That just left the WEIGHT! Of listed 475 pounds, the base and table were just heavy, sure the motor was stout, the head substantial, and the column a two man job, but the base and table was a mutha. Luckily it was a short move. I had the UPS Freight guy drop the pallet on my utility trailer, which I then backed up to the deck and dropped the ramp right below the top step. With a little bit of shimmering the dolly went right up and ramp on to the deck, straight into the shop. With a little bit of degunking it was ready to be hefted up on to its temporary home.

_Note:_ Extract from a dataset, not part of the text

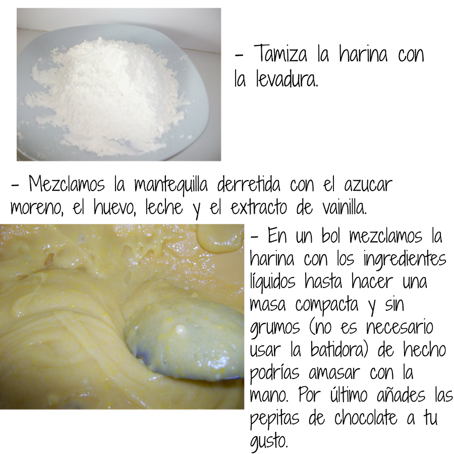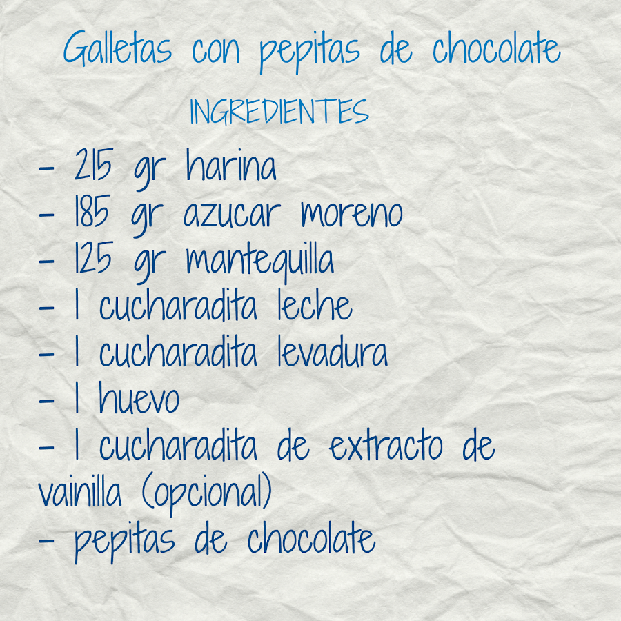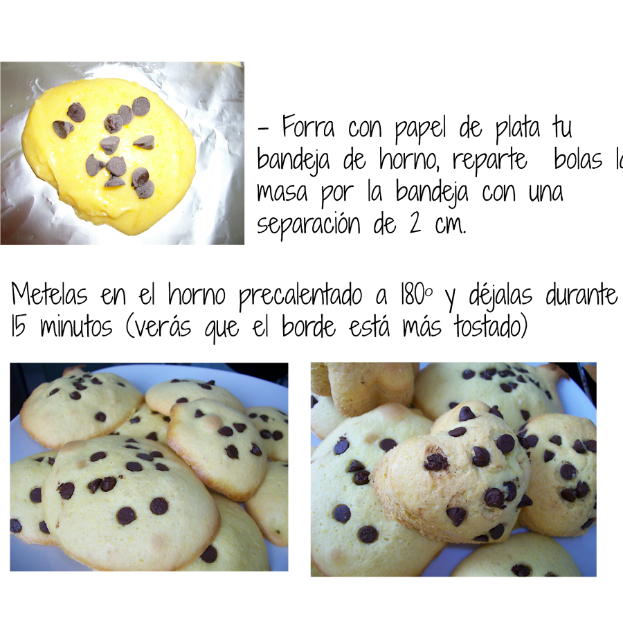 Os dejo una de las recetas que utilizo (estas de principiante), en este caso para hacer galletas con petitas de chocolate; si os gusta tomar algo dulce después de la comida...estas son perfectas como acompañamiento a la hora del café.

I've been degunking and cleaning the last couple days and my son will help with the column tonight. I'll probably finish the cleaning, and finish putting it all back together with his help Saturday or Sunday. I guess it's as my big brother told me, "if it was easy, everyone would do it."




Harbor Freight:
After my last couple experiences there, I could spell that with a different F and an ING. I live an hour from my 'local' HF.
Rant 1.) I want on of the nice 44x24 2600 pound rating toolboxes for my mill base, so I call them up, and they say sure we got those. So hitch up the trailer, jump in the jeep and off I go for an hour drive. When I get there, the sales girl points me to the boxes and I say I'll take one in blue AND she says oh no we don't stock them, you can only order them. I say, but I called and you said you had them, and she said oh we do have them only to show.
2.) I went home and ordered it and it's still pending weeks later. I tried to cancel, but they say it shipped. So I called them and asked for a tracking number, but of course there isn't one.
3.) I call and ask if they have a cherry picker in stock. Oh yes, a bunch. I say, OK I'm on my way! But in the hour it took to get there, someone else called and put them on hold. Done with them!


----------



## Fordkid88 (Sep 20, 2020)

Here is mine on a 2 x 2 x .120 box tubing frame, the top is .25 sheet with, and the doors and side panels are 16g. They sit on those heavy duty bench casters that have leveling feet. I think it cost me sub 250 and a weekend to make.


----------



## Rogbo (Oct 7, 2020)

I powered my new Precision Matthews PM-727V, for the first time tonight. 
While I've had it for a couple of months, it's the first major tool in my new shop that used to be storage 20 feet deep. And I couldn't find a cherry picker so in pieces it went. And I'm having my retirement home built and there's permits and contractors and loan agents. Don't any of them know, I have shop priorities?

Anyway, it's lit up like a merry Christmas tree, and could be a present for as happy as it makes me. I'll be pecking away at finishing leveling, tramming, and break in over the next few weeks, while I figure out how to get the beastly PM-1236 setup next to it. Then let the mad chip making begin!


----------